Note: kable has some kewl optional arguments you can use to format you table further, such as col.names
, digits
, and align
. Check out ?kable
for more info..
table_2 <- alldata %>%
filter(!is.na(dx)) %>%
group_by(dx,genotype) %>%
summarise(n_age = sum(!is.na(age)), #the total number of observations that are NOT NA
mean_age = mean(age, na.rm = T),
sd_age = sd(age, na.rm = T))
library(knitr)
kable(table_2)
dx | genotype | n_age | mean_age | sd_age |
---|---|---|---|---|
Control | AA | 43 | 52.00000 | 10.574002 |
Control | AG | 66 | 49.92424 | 11.024882 |
Control | GG | 50 | 49.94000 | 14.217566 |
Control | NA | 4 | 47.50000 | 12.476645 |
Case | AA | 57 | 55.08772 | 10.554756 |
Case | AG | 71 | 48.61972 | 10.355628 |
Case | GG | 43 | 48.37209 | 11.176129 |
Case | NA | 2 | 38.00000 | 9.899495 |
When working with a genotype of interest, it’s very common group participants into “carriers” and “non-carriers” of a risk-allele. In this dataset, our risk allele is the “G” genotype. We will create a new “risk_carrier” variable by combining levels of the genotype variable.

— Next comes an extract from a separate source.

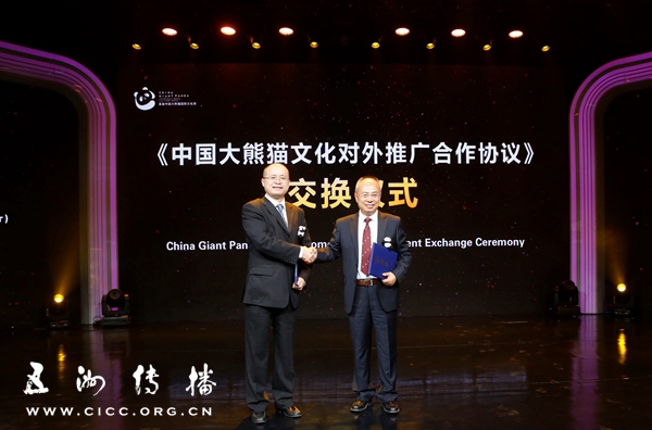 在开幕式上,五洲传播中心与中国大熊猫?;ぱ芯恐行墓餐⑵鹆?ldquo;中国大熊猫国际形象全球招募”活动,签订并交换了《中国大熊猫文化对外推广合作协议》,旨在双方强强联合,优势互补,更好地向世界解读、诠释熊猫文化,打造中国大熊猫国际品牌形象。

Working with factors in R can be…annoying. Especially when we want to create new factors out of old factors. For this reason, the tidyverse includes a forcats
package. That includes many function (all starting with fct_
) for doing stuff to factors. We will use fct_collapse
to combine the “GG” and “AG” genotype factors into a new “carrier” level in a new factor.
library(forcats)
alldata <- alldata %>%
mutate(risk_carrier = fct_collapse(genotype,
carrier = c("GG", "AG"),
non_carrier = "AA"))
Let’s use geom_point()
and geom_smooth
, together to create a scatter plot with a trendline.
Note: to make the trendline straight, we use “method = lm” when calling geom_smooth().
alldata %>%
ggplot(aes(x = age, y = cog1)) +
geom_point() +
geom_smooth(method = "lm")
When we add a new mapping of color = risk_carrier
to the top line of our plot this mapping applies to both the points and the trendline.
Note: we are using filter
to remove the NA as a category so that it does not occur as a third color in our plot.
alldata %>%
filter(!is.na(risk_carrier)) %>%
ggplot(aes(x = age, y = cog1, color = risk_carrier)) +
geom_point() +
geom_smooth(method = "lm")
We can use faceting to add and extra dimension - separate plots for male and female subjects.
alldata %>%
filter(!is.na(risk_carrier), !is.na(sex)) %>%
ggplot(aes(x = age, y = cog1, color = risk_carrier)) +
geom_point() +
geom_smooth(method = "lm") +
facet_wrap(~sex)
facet_grid
will allow us to facet by TWO variables. In this case sex and dx.
alldata %>%
filter(!is.na(risk_carrier), !is.na(sex), !is.na(dx)) %>%
ggplot(aes(x = age, y = cog1, color = risk_carrier)) +
geom_point() +
geom_smooth(method = "lm") +
facet_grid(dx~sex)
One things we want to do sometimes is to stack data from multiple columns in one column. The reason why this is useful, will hopefully become apparent in the next example.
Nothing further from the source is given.